Every Outlook folder supports a folder home page. This is the Internet Web page, HTML file, or Active Server Pages (ASP) file that you'll see when you click the folder's name. An example of a folder home page is shown in Figure 3.34.

Figure 3.34Figure 3.34 You can set a folder home page for any Outlook folder.

You can set your folder home page to a shared meeting workspace or your company's home page.

Why Use a Folder Home Page?

Setting a folder home page to a generic Web site really isn't very helpful. After all, you can't actually access any of the items in that Outlook folder with a Web site as your home page. However, you can create your own folder home page and embed an ActiveX control called the Outlook View Control. With the Outlook View Control, you can view the items in an Outlook folder from a Web page. Outlook Today is an example of a type of folder home page that utilizes this functionality.

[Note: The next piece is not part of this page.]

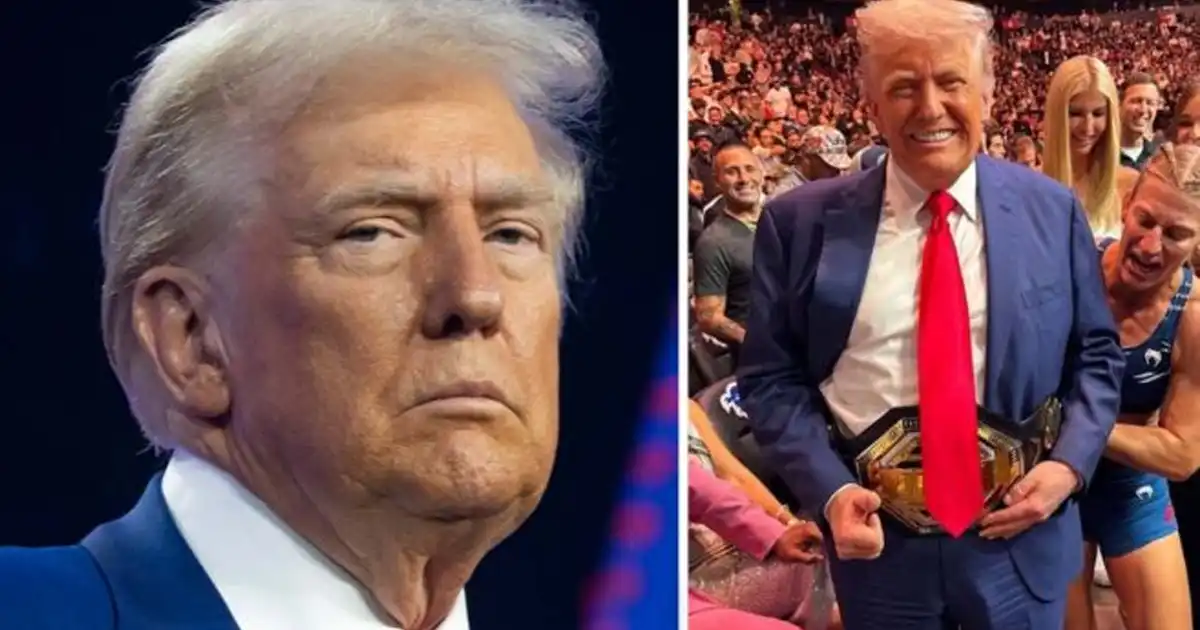 When Donald Trump appeared at a UFC event in Newark, New Jersey, on June 9, fans were more focused on his outfit than the fighters. In a photo showing MMA champion Kayla Harrison placing a title belt around Trump’s waist, a line running down his pant leg triggered a firestorm of online speculation.

In Figure 3.35, the folder home page for the Hardware Upgrade Project folder is set to the shared meeting workspace for that project.

Figure 3.35Figure 3.35 A good example of a folder home page is something that displays information relevant to the folder.

Setting a Folder Home Page for a Folder

Setting a folder home page is fairly simple. Right-click on a folder and select Properties. Click the Home Page tab to display Figure 3.36.

Enter the URL for your folder home page. A folder home page can be a Web site on the Internet or a file on your intranet. Click the Browse button to locate a file on your hard drive or network share. Make sure that the Show home page by default for this folder check box is checked and click OK to save your changes.

Setting the folder home page to a file on your hard drive can produce errors. If you're having problems setting a folder home page to a local file, see "Local Files for Folder Home Pages" in the "Troubleshooting" section at the end of the chapter.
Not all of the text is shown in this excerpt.